# "Redid" Room + New 35gal



## Brian (Mar 14, 2006)

Just spent 4 hours "redoing" my room and setting up the new 35gal for Jimmy's new discus 

Also took some pics of my newly seperated 20gal with 2x pairs of angels. I have a tank full of wrigglers right now and I need to go buy some bbs :S

Couldn't take too good pics of the wrigglers as they are quite small still so I didn't bother posting.










































EDIT: The rams in the discus tank are currently trying to spawn (inside the black PVC T)
EDIT: The bottom right tank on the rack is the one with the wrigglers of angels in there


----------



## holocron (Mar 12, 2006)

looking forward to seeing that tank full of babies! that's a pretty cool setup you have there.


----------



## Ciddian (Mar 15, 2006)

Mhhmm! very nice!


----------



## cichlidsam (Mar 26, 2006)

Very nice, Brian.
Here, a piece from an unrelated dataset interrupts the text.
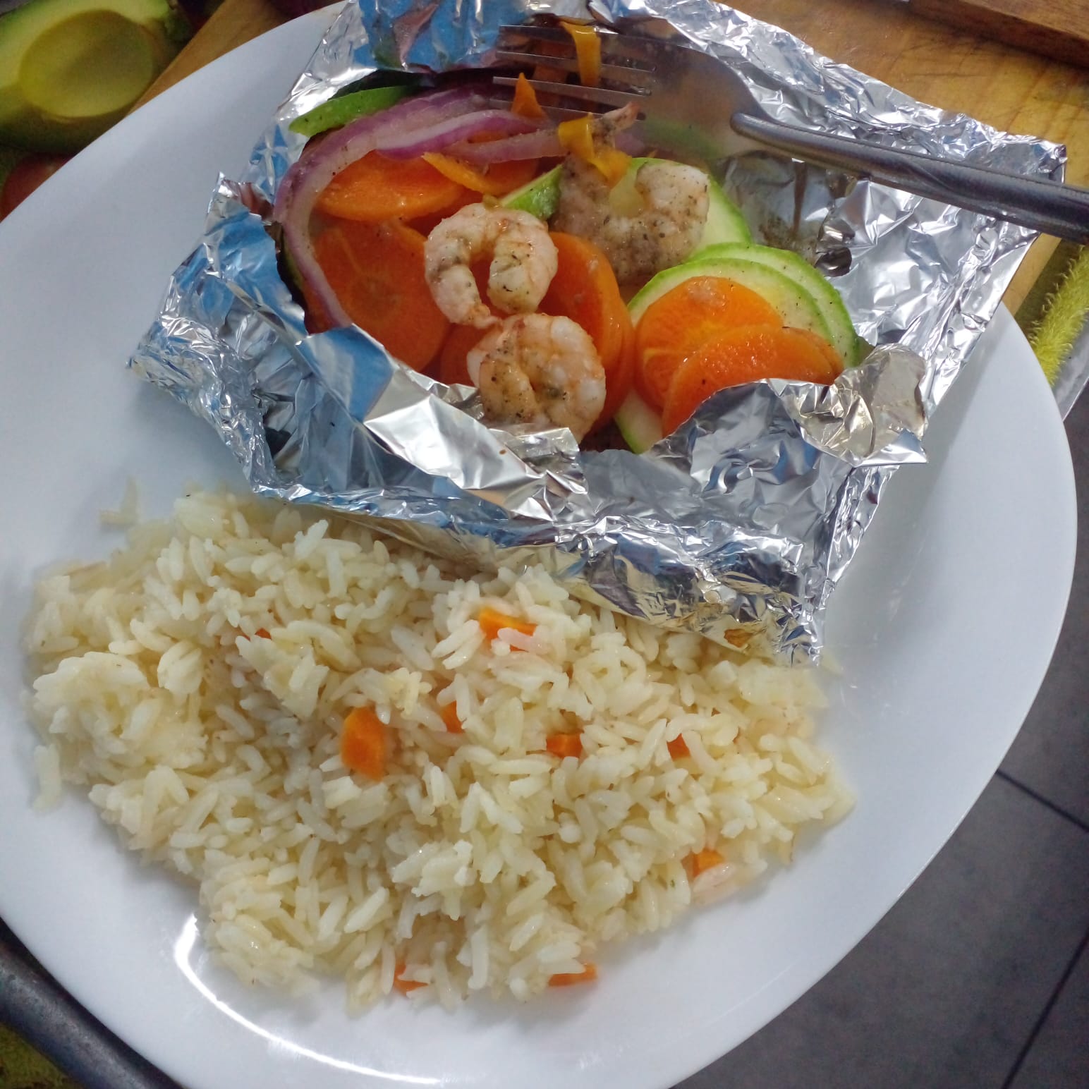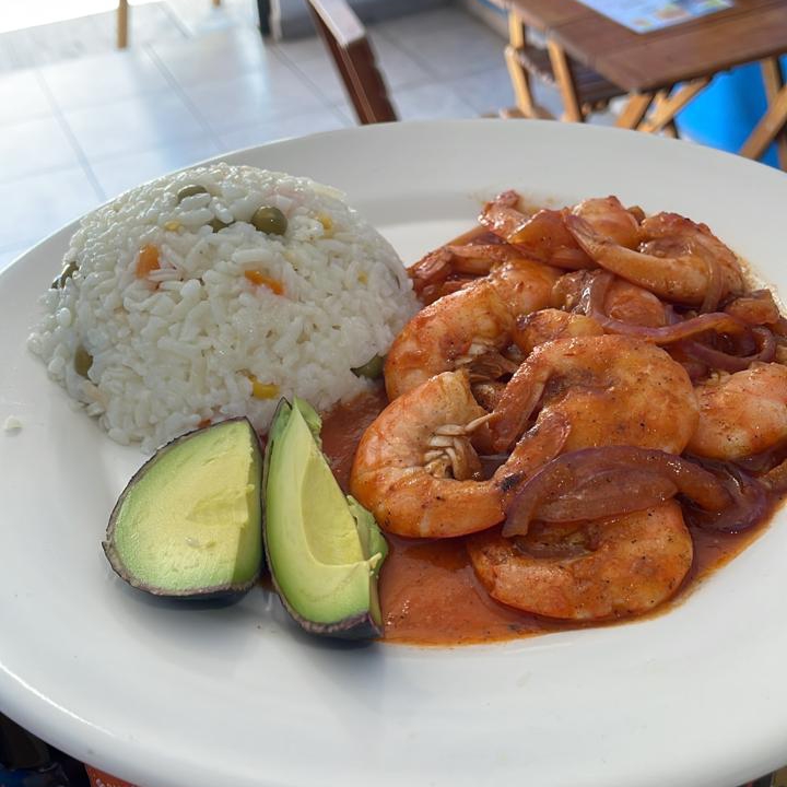 Camarones con varios chiles y catsup ,acompañado de sopa de arroz y verduras, lleva tostadas y galletas saldas

I'm not sure about that stereo placement, though.......


----------



## Brian (Mar 14, 2006)

Lol, I know but I have nowhere else to put it.

I don't even use it, the only reason it is there is cause it has the time on it... I wake up at night and I need to see the time or else I can't go back to bed x.x


----------



## Plant Crazy (Mar 24, 2006)

Wow! What an extensive setup. Looks like you've got a serious fish room in your house. Good luck with the breeders.


----------



## nightowl1350 (Mar 19, 2006)

Looks good Brian. You know you will need more tanks when the rams spawn  LOL 
One question.....why is the stereo on the bottom??? OK I'm a Mom, but I can just see you having a leak in your tank and trying to resuce the ON stereo before it gets too wet! ZAP!


----------



## Brian (Mar 14, 2006)

Lol, it is cause I am stupid and I don't listen.

My mom already told me to move it but I have nowhere else to put it x.x, maybe when I need some growout rubbermaid totes I will move the stereo to my sisters room and put the totes there


----------



## Ciddian (Mar 15, 2006)

LOL brian, i'll buy you a clock for your birthday.. ^^ lol poor guy


----------



## Discus_breeder (Mar 23, 2006)

Nice setup brian i like the betta hahaha


----------